Dear Friends,

Each year, on the Sunday following Pentecost, the church celebrates the feast of the Holy Trinity.
A mystery. A concept that is difficult to understand. Yet, the Trinity is at the very heart of the Christian understanding of God. It is Jesus who reveals the Trinitarian notion of God to us. Our friends who are not Christian could never even begin to approve a notion that God is one and God is three. Perhaps even many Christians do not believe what the Church teaches, but rather have come up with their own version of three gods or one God with no separate persons. The mystery is simply hard to grasp.

Trinity—the very word tends to move us from the everyday world of concrete experience to the world of the eternal and the abstract. For those of you my age, when I mention the Trinity, your thoughts probably summon images of shamrocks and triangles scribbled on blackboards by nuns helping us imagine how three and one could possibly go together. The word “Trinity” evokes some heavy-duty philosophy with big words that make no sense. The word tends to move us from the heart to the head, and away from prayer to the complex teaching of the catechism. But the mystery of the Trinity should instead move us into the wonder of God and into the inner dwelling of God, not away from God.
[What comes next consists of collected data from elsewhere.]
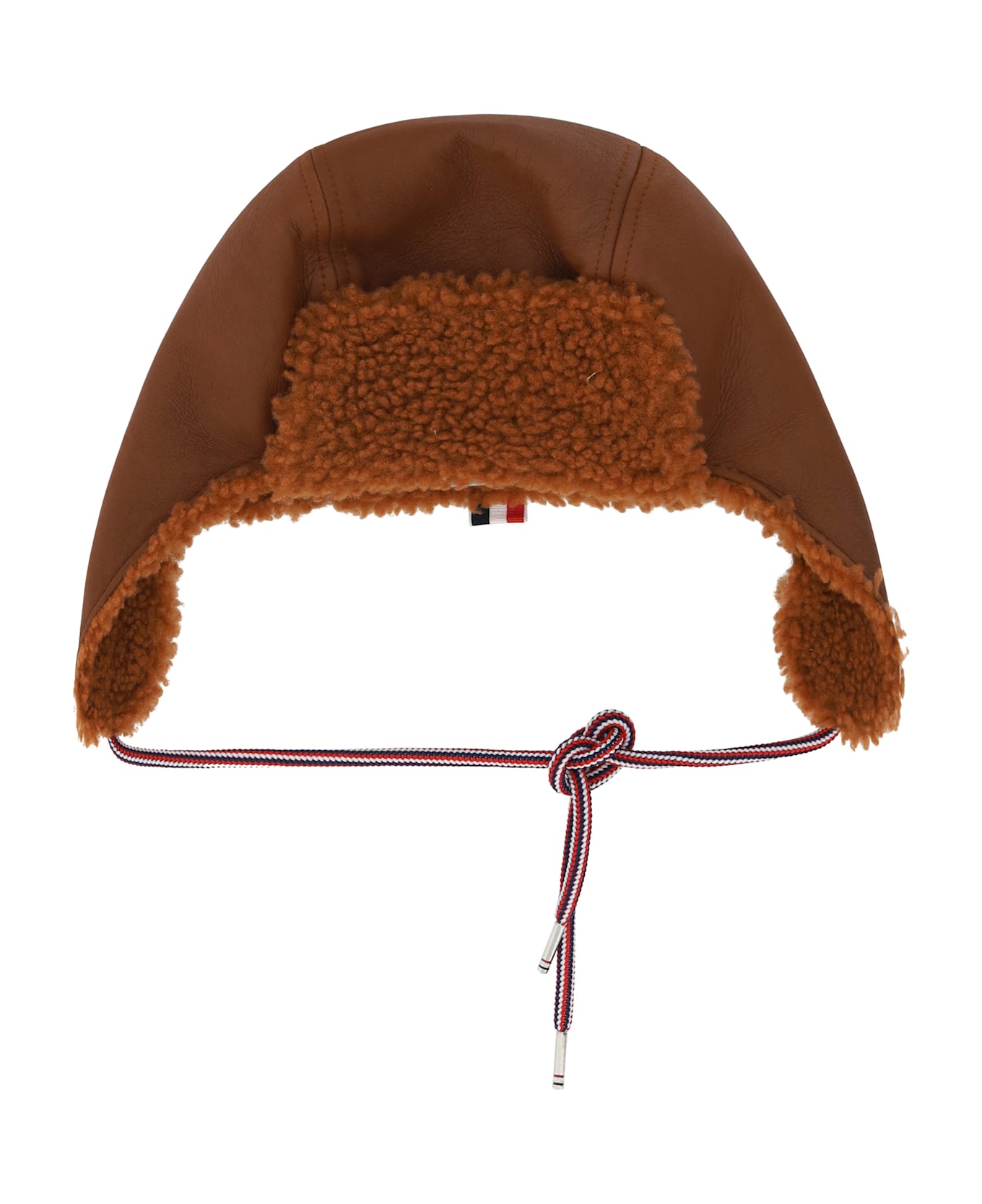Leather aviator hat by thom browne, soft shearling design in inner panel, under-chin closure by drawstrings with iconic brand colors, fabric detail with iconic brand colored bands, patch with iconic brand monogram on side panel.
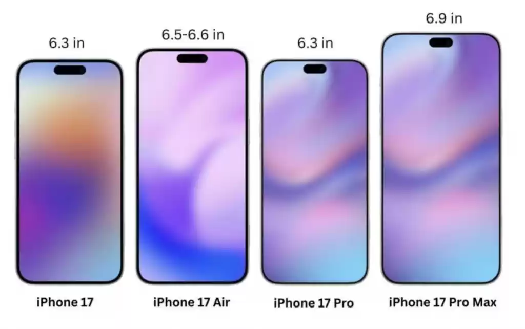 不仅超薄,17 Air 在屏幕尺寸也要更大一点:6.55 英寸,介于 Pro(6.3 英寸)和 Pro Max (6.9 英寸)之间。
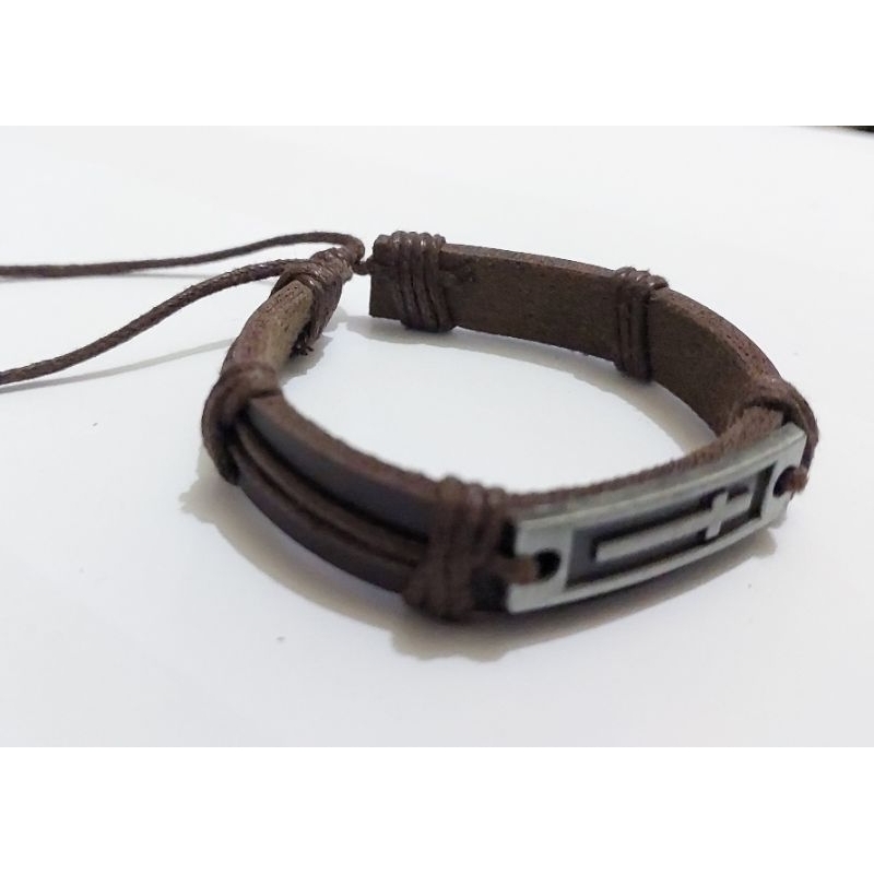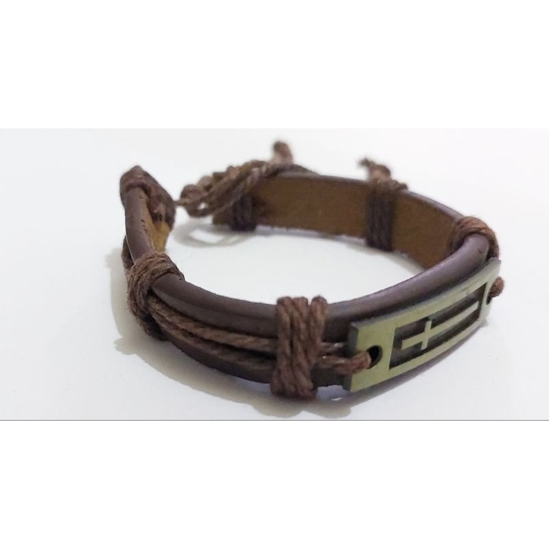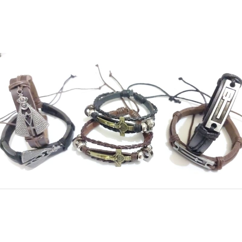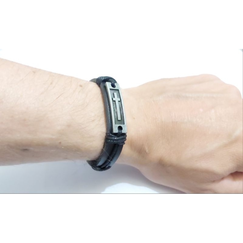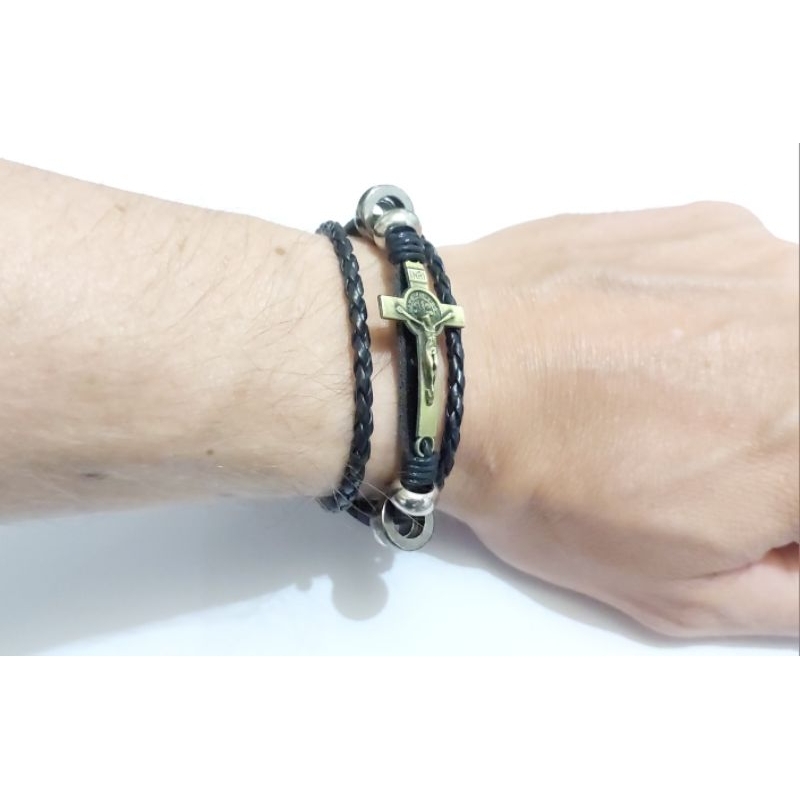 Pulseiras Couro Sintético Religiosas Nossa Senhora e Cruz
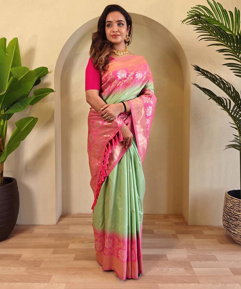 | Product Description | “This Elegant Woven Art Silk Saree Is Designed To Add Grace To Your Ethnic Look. Made With Premium Quality Fabric For Comfort And Style, It Is Suitable For Festive Wear, Parties, Weddings, And Traditional Occasions. Available In Multiple Beautiful Colors To Match Your Preference.” |
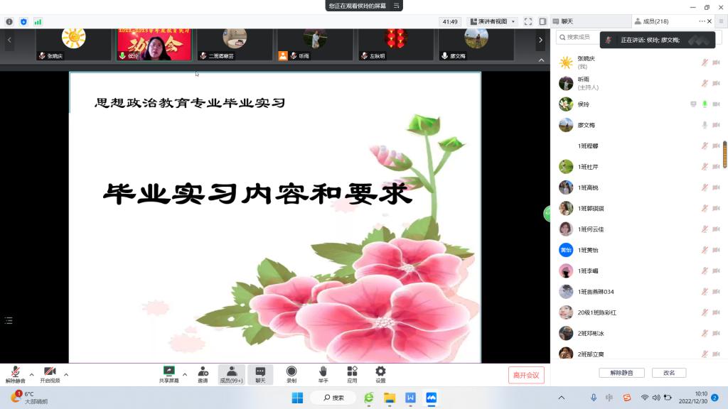 学子学习成效,促进学生对所学知识技能进行实践转化和深化运用,保障实习工作顺利开展,学院于2022年12月30日上午10点召开2020级思想政治教育专业本科生实习动员大会。学院实习领导小组及2020级全体本科生出席本次活动。本次大会由2020级本科生蒋楸芸主持。
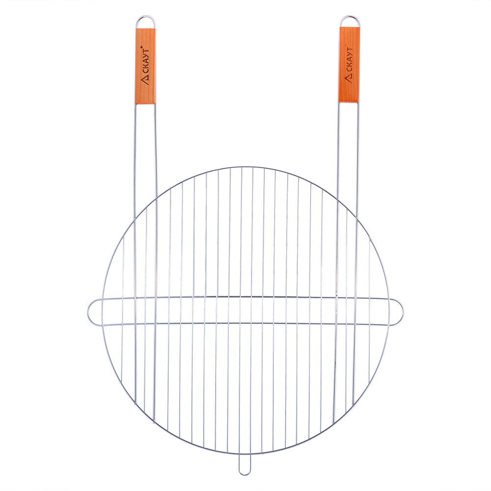 Кругла металева решітка з двома дерев'яними ручками. решітка незамінна для приготування їжі на відкритому повітрі. Решітка виконана з хромованої сталі, підходить для приготування різних продуктів. Спеціальна конструкція дозволяє зручно закріпити решітку на мангалі або жаровні.
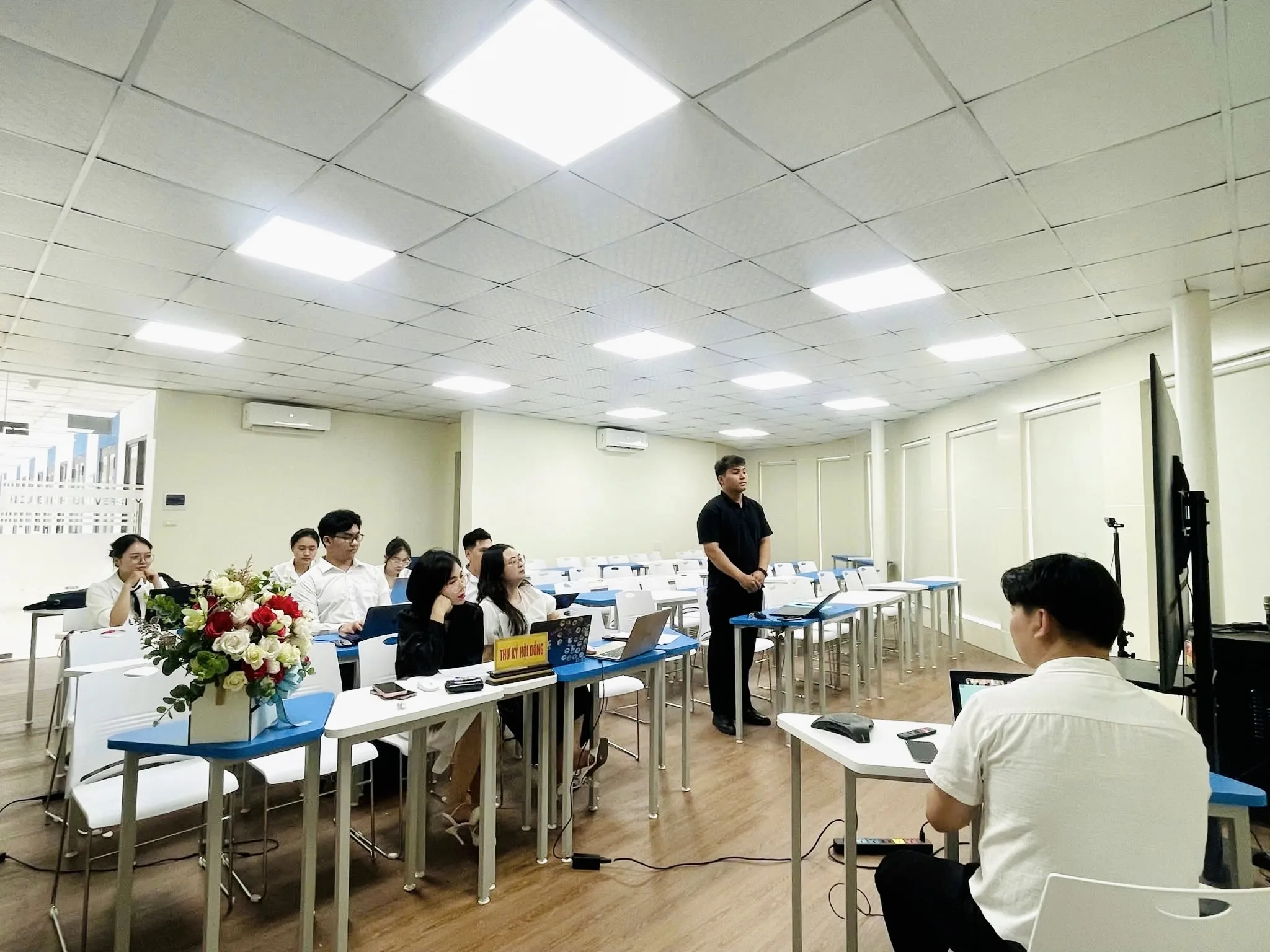 Các nhóm sinh viên lần lượt trình bày tóm tắt kết quả nghiên cứu đề tài, sau đó, Hội đồng đánh giá, và các chuyên gia của Khoa đã phản biện, đặt ra nhiều câu hỏi chuyên sâu, giúp sinh viên nhìn nhận rõ hơn về điểm mạnh, điểm hạn chế của đề tài. Không khí của buổi bảo vệ diễn ra trang nghiêm nhưng cởi mở, tạo điều kiện để sinh viên phát huy năng lực và học hỏi từ các góp ý của Hội đồng chuyên môn. Các nhóm sinh viên hăng say chuẩn bị tài liệu, các giảng viên tận tình góp ý chính là minh chứng cho một môi trường học thuật chất lượng, nghiêm túc tại Khoa Luật – Trường Đại học Hòa Bình.
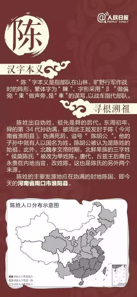 上海市:上海市中心区陈姓比例5.5%与全市持平,排名第三位。
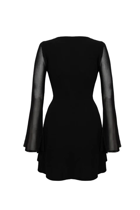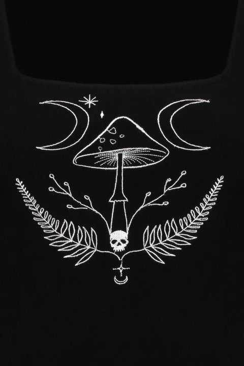 Embrace your mystical side with the Hell Bunny Russula Dress. This enchanting mini dress features a striking black base adorned with whimsical white embroidery of mushrooms and moons. A square neckline and princess seams create a flattering silhouette, while the flared black mesh sleeves add a touch of magic. Perfect for turning heads and embracing the mysterious, this dress is a playful addition to any wardrobe craving a bit of dark charm.
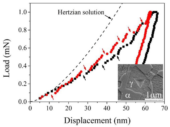 Different from the macroscopic tensile test, the nanoindentation test armed with a sharp indenter is effective in obtaining the mechanical stability of single austenite grains [148,149]. The formation of martensite beneath the indenter may contract along the indentation loading direction, generating a strain burst or pop-in in the load–displacement (P–h) curve (Figure 10) [148]. Nevertheless, not all the pop-ins shown in the P–h curve represents the formation of martensite beneath the indenter. By fitting the elastic part of the P–h curve using the Hertzian solution, it is generally found that deviation of the P–h curve from the Hertzian solution is accompanied by a pop-in (Figure 10), which could represent the incipient plasticity or nucleation of dislocation [150]. The second pop-in could be induced by the formation of martensite beneath the indenter because the deformation mode is changed [149,151]. Therefore, the load corresponding to the occurrence of the second pop-in may represent the critical load to initiate the formation of martensite in the single austenite grains. The critical load is found to increases with the Mn content, confirming that the Mn element is an effective austenite stabilizer [149]. Consequently, the effect of chemical compositions such as Mn content on the austenite stability can be examined by the nanoindentation test. It is found that the grain refinement suppresses the occurrence of strain burst in metastable stainless steel, suggesting that the grain refinement contributes to the austenite stability [152]. The influence of the prior martensite on the austenite stability has been investigated by nanoindentation [153]. It is found that the prior martensite stabilizes the remaining austenite grains by the hydrostatic pressure and the dislocations, both of which result from the formation of adjacent martensite [153,154]. Therefore, it is believed that the nanoindentation test is a useful technique to determine the intrinsic effect on the austenite stability as the indented volume is generally confined within an individual austenite grain.

Christians believe in one God and only one God. But the heart of Christianity is the belief that this one God is three Persons, the Father, and the Son, and the Holy Spirit. If we are counting, we count only one God, but when we count divine Persons, we count three. You can’t divide the one God into three more fundamental things which make up the one God. God isn’t a compound of anything more fundamental. One is all there is, when it comes to God, but you still have to count three. The three Persons of the Trinity are not anything else. They aren’t roles of God, or modes of God, they are just Persons, and there are three of them.

Jesus is the Word of God. Jesus is what God has to say. Jesus is God’s ultimate act of self-disclosure. Jesus is the true light which enlightens everyone. There is a common icon of Jesus that appears in the Eastern Churches; it is called the Pantokrator. In it, Christ holds a closed bible to say that he is the Word of God. Christ does not read the bible. He is the Bible. “Pantokrator” is the Greek translation of the Hebrew title El Shaddai, meaning “all powerful. This attribution to Jesus was important given the struggles in the early church to understand how Jesus was God. The Christ Pantokrator icons were symbols of the Nicene Council’s decision that Christ was co-equal and co-eternal with God. In some of the Christ Pantokrator icons you’ll notice that the eyes of Christ are asymmetrical. Actually it is more than the eyes – it is two different faces coming together. This icon represents both the humanity and divinity of Jesus. His right hand is raised in a teaching gesture with his fingers separated into a twosome and threesome to command faith in the two natures of Christ and the three persons of the Trinity.

In Jesus, we worship a God whose word is expressed in human flesh. And what is revealed is this: our God is a relational being, a personal reality. In God there is a mutuality of knowing and loving, of being known and being loved. As persons, with our own insatiable desire for knowledge and love, we are adopted into this interpersonal reality of God and called to share it with others.